In principle, if a measurement has a resolution of R, then if the experimenter averages N independent measurements the average will have a resolution of R/√N (this is just an application of the error analysisabove). This is an important experimental technique used to reduce the impact of randomness on an experiment's outcome. But note that this requires that the measurements be statistically independent, and there are several reasons why that may not be true—if so then the average may not actually be a better measurement but may merely reflect the correlations among the individual measurements and their non-independent nature.
The most common cause of non-independence is systematic errors (errors affecting all measurements equally, causing the different measurements to be highly correlated, so the average is no better than any single measurement). But another cause can be due to the inability of a human observer to round off measurements in a truly random manner. If an experiment is searching for a sidereal variation of some measurement, and if the measurement is rounded off by a human who knows the sidereal time of the measurement, and if hundreds of measurements are averaged to extract a “signal” that is smaller than the apparatus's actual resolution, then it should be clear that this “signal” can come from the non-random round-off, and not from the apparatus itself. In such cases a single-blind experimental protocol is required; if the human observer does not know the sidereal time of the measurements, then even though the round-off is non-random it cannot introduce a spurious sidereal variation.
Note that modern electronic and/or computerized data acquisition techniques have greatly reduced the likelihood of such bias, but it can still be introduced by a poorly designed analysis technique. Experimenter's bias was not well recognized until the 1950s and 1960s, and then it was primarily in medical experiments and studies. Its effects on experiments in the physical sciences have not always been fully recognized. Several experiments referenced above were clearly affected by it.

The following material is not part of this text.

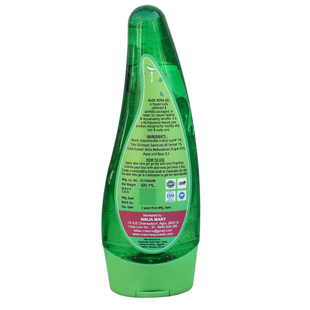 Soothe, hydrate, and heal your skin with Miss Me Ayurvedic Aloe Vera Gel, enriched with the pure goodness of natural aloe vera and Ayurvedic herbs. This lightweight, non-sticky gel deeply moisturizes the skin, calms irritation, and promotes a clear, healthy glow. Ideal for all skin types, it helps reduce acne, sunburn, and dryness while restoring the skin’s natural balance. Also suitable for hair care, it nourishes the scalp and promotes soft, shiny hair.
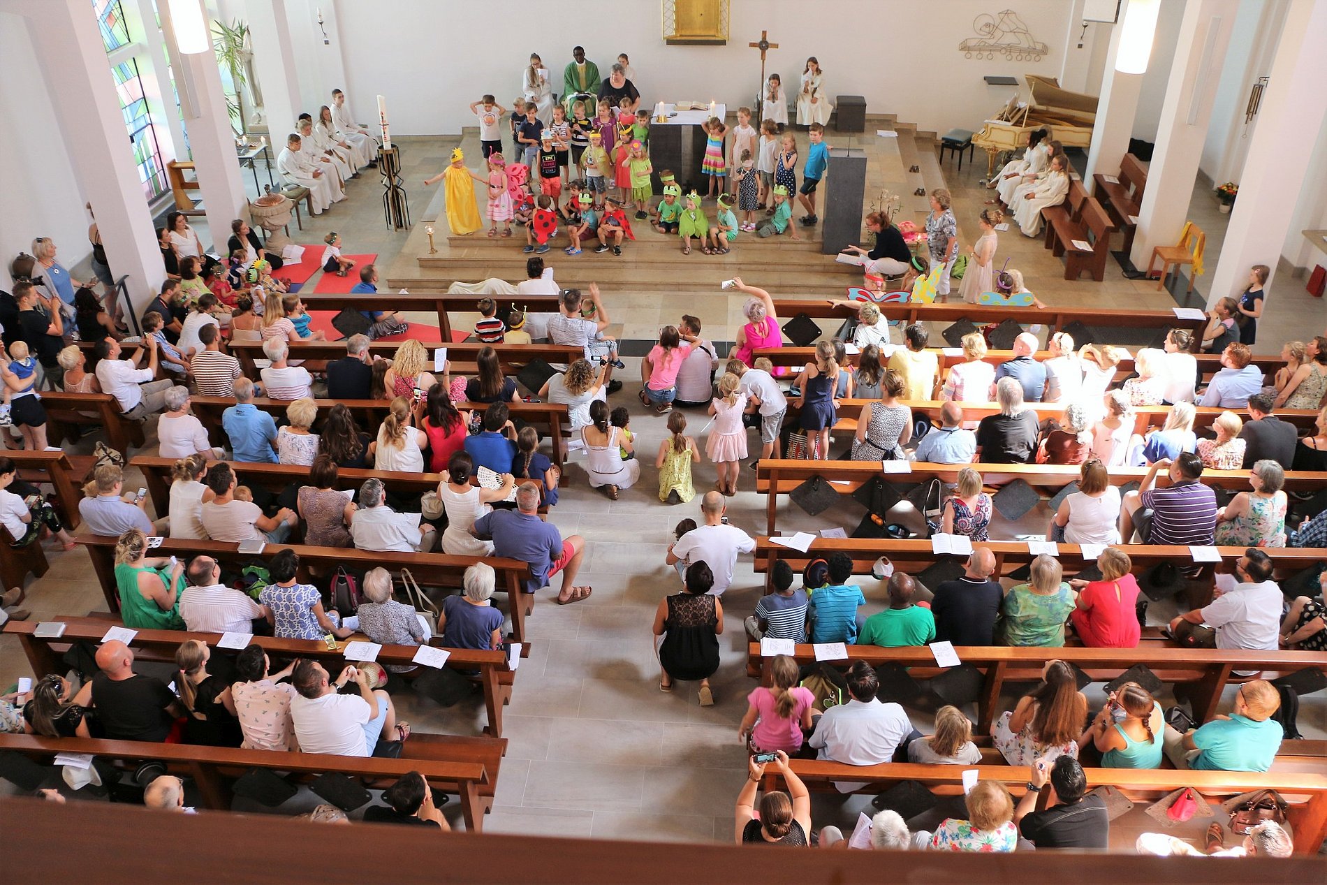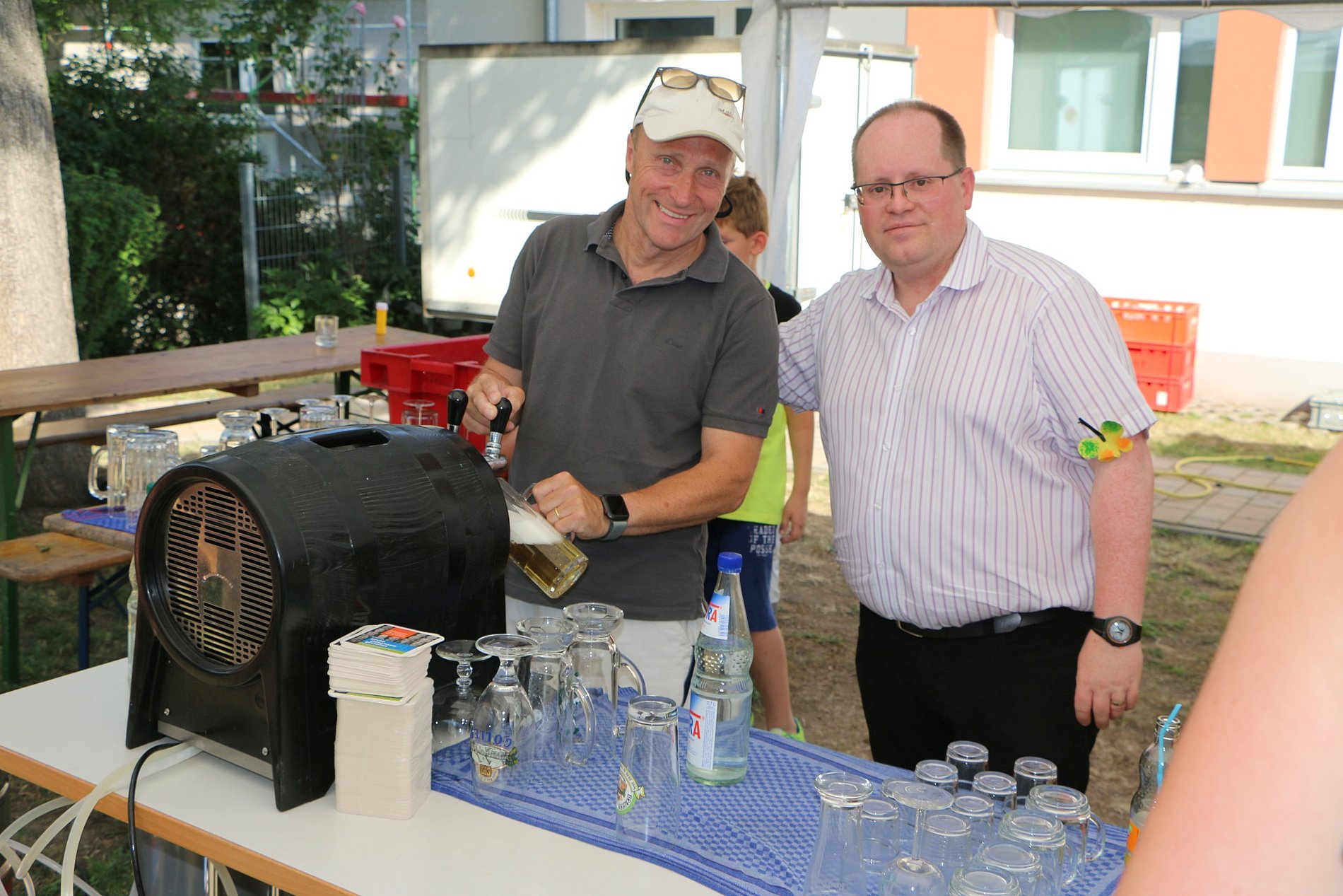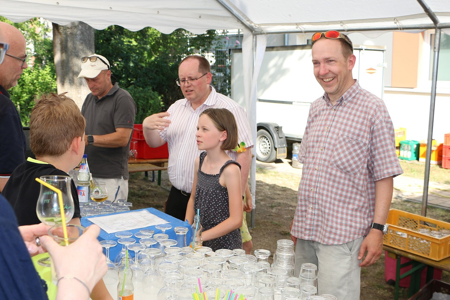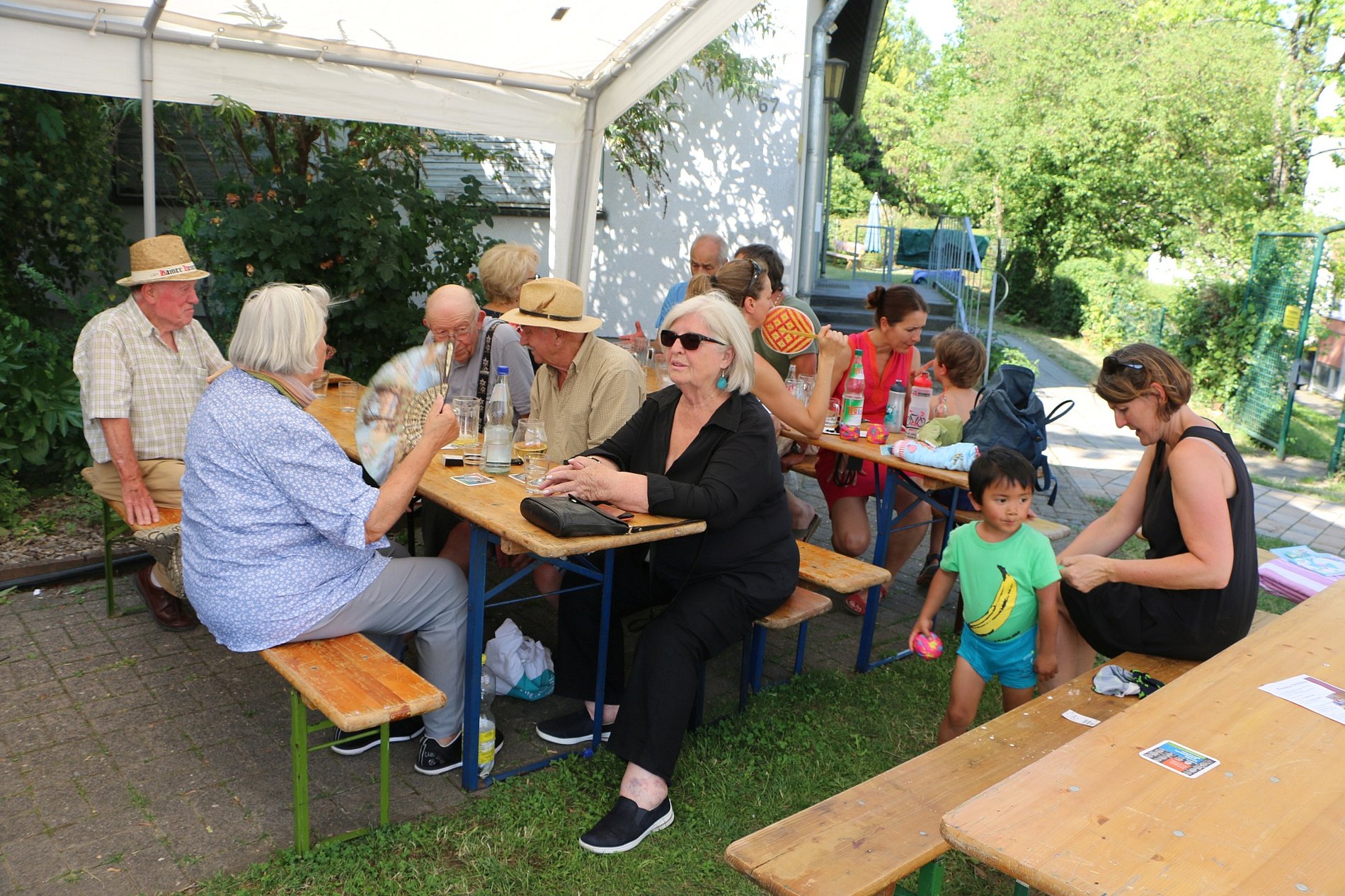 Der Container, der der Gemeinde seit Baubeginn als Zwischenlager dient, steht noch immer auf der Festwiese, die alternative Wiese an der Atzelbergmauer ist nicht gemäht, überall liegt Baumüll herum, die Küchen sind noch nicht fertig eingerichtet und am Tag des diesjährigen Kindergarten- und Gemeindefest findet der "Ironman- Wettbewerb" statt und die Sommerferien beginnen. Zu allem Überfluss sind für den Tag des Festes tropische Temperaturen von fast 40 Grad Celsius angekündigt. Doch:

There are two very different aspects of publication bias:
- Unpopular or unexpected results may not be published because either the original experimenters or some journal referees have misgivings or reservations about the results, based on the results themselves and not any independent evaluation of experimental procedures or technique.
- Expected experimental results may not be published because either the original experimenters or some journal referees do not consider them interesting enough to merit publication.
In both cases the experimental record in the literature does not fully and accurately reflect the actual experiments that have been performed. Both of these effects clearly affect the literature on experimental tests of SR. This second aspect is one reason why this list of experiments is incomplete; there have probably been many hundreds of unpublished experiments that agree with SR.
Note that this does not include papers that are rejected for other reasons, such as: inappropriate subject or style, major internal inconsistencies, or downright incompetence on the part of authors or experimenters. Such rejections are not bias, they are the proper functioning of a peer-reviewed journal.